Postprint urn:nbn:de:0011-n-4043964 (1.1 MByte PDF)
MD5 Fingerprint: b32fe479bb75c6a580310733bb8d1a4f
Erstellt am: 06.02.2018

Materials Science and Engineering, A. Structural materials, properties, microstructure and processing 658 (2016), S.301-308
ISSN: 0921-5093
ISSN: 1873-4936
Deutsche Forschungsgemeinschaft DFG
RTG 1483;
Zeitschriftenaufsatz, Elektronische Publikation
Fraunhofer IWM ()
hot stamping; experimental characterization; stress relaxation and creep behavior; hardening model

In hot stamping, the deformed austenitic phase is further quenched in the die to produce a fully martensitic microstructure in the component. During this time, the microstructure is refined with a relaxed state of stress. Therefore, it is important to study the time-dependent effects on the material during forming and quenching.

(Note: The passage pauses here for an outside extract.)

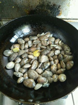 热锅热油爆姜蒜出香味,放蛤蜊;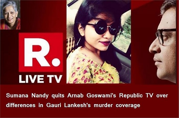 ठीक उसी वक़्त जब तमाम स्वनामधन्य पत्रकार रिपब्लिक टीवी के रिपोर्टर को डपटने के लिए शेहला राशिद की लानत-मलामत में जुटे हैं, ख़ुद रिपबल्कि टीवी की एक पत्रकार ने बता दिया कि रिपबल्कि टीवी दरअसल क्या है। सुमना नंदी नाम की इस पत्रकार ने चैनल से इस्तीफ़ा दे दिया। वह गौरी लंकेश की हत्या के बाद हो रहे चैनल के कवरेज और उसके अंदाज़ से बेहद आहत है।

This influences the martensite start temperature and further aids to predict the residual stress in the component accurately. In this work, thermo-mechanical characterization of 22MnB5 steels is presented with special emphasis on stress relaxation and creep phenomena. In addition to the monotonous experiments at different strain rates, relaxation and creep tests give a deeper insight into the rate dependent behavior of the material. These tests are conducted for two distinct microstructures (austenite and martensite) using Gleeble 3150. In austenitic phase, relaxation test is conducted at 900 degrees C for different strain levels which lead to a significant drop in the stress level of the material due to recovery. Therefore, creep tests are conducted to determine the real elastic limit of the material at high temperatures. As a result, a significant increase in the creep strain is realized once the stress in the material increases 20 MPa. Martensitic microstructure shows stress relaxation behavior at 200 degrees C (below the martensite finish (Me) temperature) and even at ambient temperature after a total deformation of 3%. These experimental results are the basis for the construction of a viscoplastic constitutive model and the model is able to represent the observed phenomena.